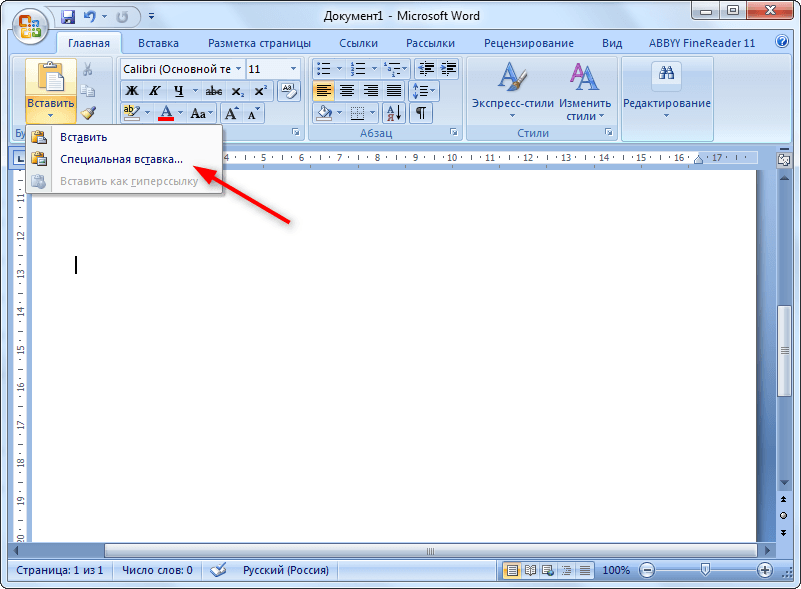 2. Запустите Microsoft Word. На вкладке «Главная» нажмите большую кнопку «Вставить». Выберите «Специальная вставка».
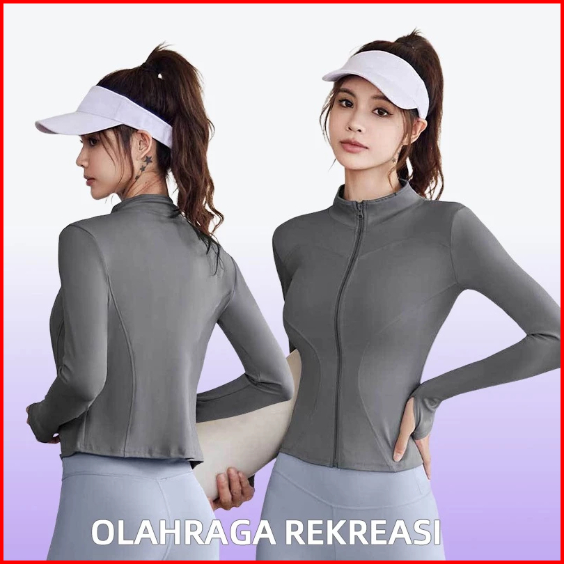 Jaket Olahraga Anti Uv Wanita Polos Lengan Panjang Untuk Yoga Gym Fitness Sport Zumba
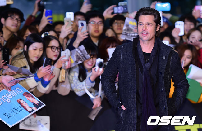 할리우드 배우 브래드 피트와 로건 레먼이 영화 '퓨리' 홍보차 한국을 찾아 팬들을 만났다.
==
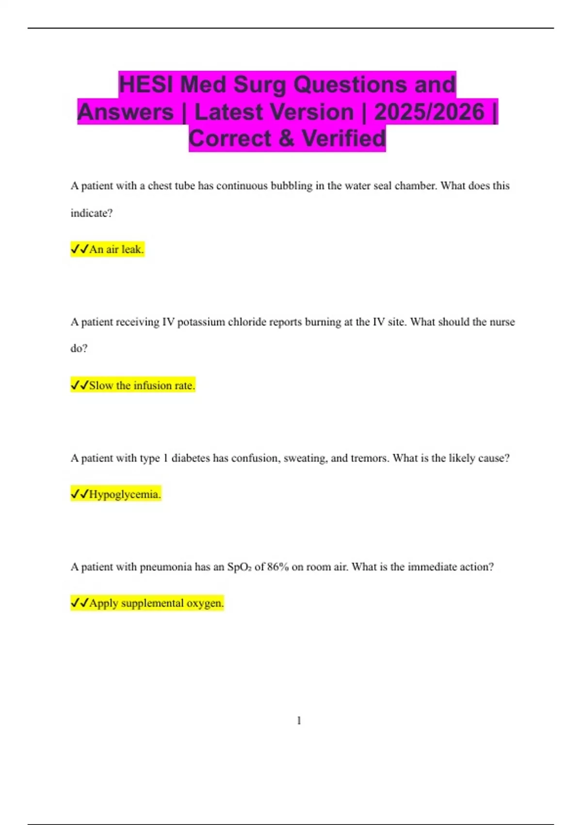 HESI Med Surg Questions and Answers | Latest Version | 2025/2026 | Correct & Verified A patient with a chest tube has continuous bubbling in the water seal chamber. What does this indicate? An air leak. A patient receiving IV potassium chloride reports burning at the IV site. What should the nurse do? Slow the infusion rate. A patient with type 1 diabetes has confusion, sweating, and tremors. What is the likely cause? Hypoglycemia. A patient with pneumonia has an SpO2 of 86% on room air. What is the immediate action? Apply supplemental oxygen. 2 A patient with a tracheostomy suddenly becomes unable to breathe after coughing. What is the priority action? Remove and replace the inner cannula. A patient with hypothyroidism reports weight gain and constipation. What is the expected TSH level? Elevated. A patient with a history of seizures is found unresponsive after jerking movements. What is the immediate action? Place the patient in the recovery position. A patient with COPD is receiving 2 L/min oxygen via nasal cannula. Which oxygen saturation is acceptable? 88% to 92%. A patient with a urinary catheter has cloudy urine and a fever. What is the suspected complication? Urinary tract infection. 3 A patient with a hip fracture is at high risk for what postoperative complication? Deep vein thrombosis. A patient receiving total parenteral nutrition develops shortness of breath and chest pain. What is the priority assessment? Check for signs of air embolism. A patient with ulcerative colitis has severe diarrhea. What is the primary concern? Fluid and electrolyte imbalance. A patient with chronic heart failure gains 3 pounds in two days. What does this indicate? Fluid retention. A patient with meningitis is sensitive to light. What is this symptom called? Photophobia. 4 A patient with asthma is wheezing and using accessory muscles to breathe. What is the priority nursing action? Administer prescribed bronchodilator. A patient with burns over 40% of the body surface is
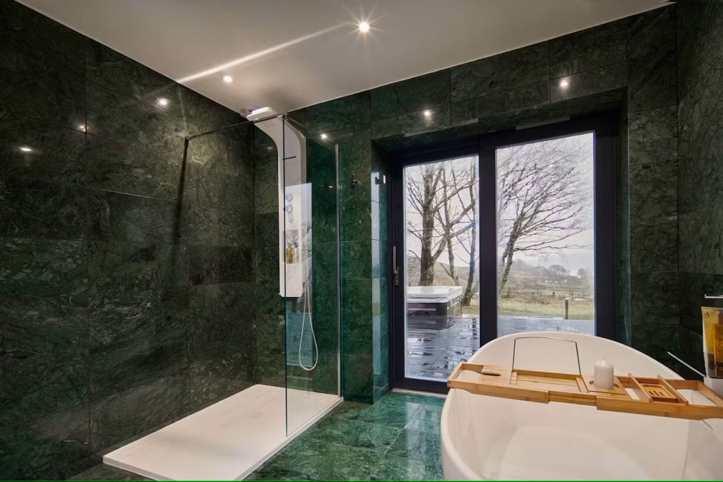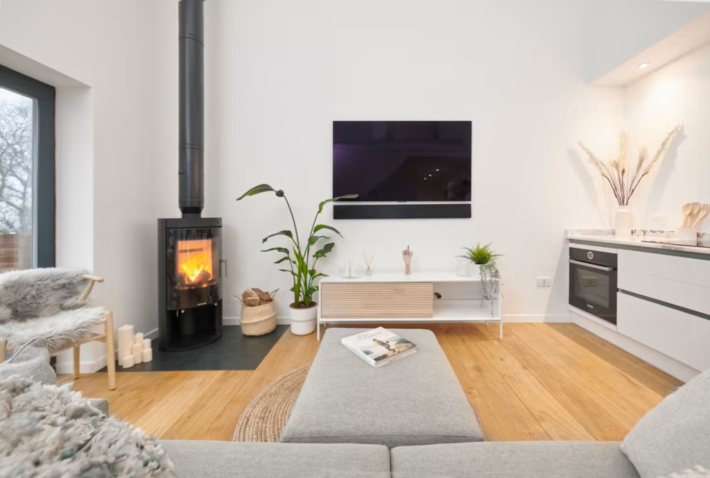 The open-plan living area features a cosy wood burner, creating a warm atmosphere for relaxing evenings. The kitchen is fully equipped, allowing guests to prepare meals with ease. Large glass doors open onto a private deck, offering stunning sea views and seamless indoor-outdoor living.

TASK = Within the listing above, the lines starting at the one containing "2. Запустите Microsoft" and ending at the one containing "할리우드 배우 브래드" are to be returned exactly. Omit the pictures.

TASK ANSWER =
 2. Запустите Microsoft Word. На вкладке «Главная» нажмите большую кнопку «Вставить». Выберите «Специальная вставка».
 Jaket Olahraga Anti Uv Wanita Polos Lengan Panjang Untuk Yoga Gym Fitness Sport Zumba
 할리우드 배우 브래드 피트와 로건 레먼이 영화 '퓨리' 홍보차 한국을 찾아 팬들을 만났다.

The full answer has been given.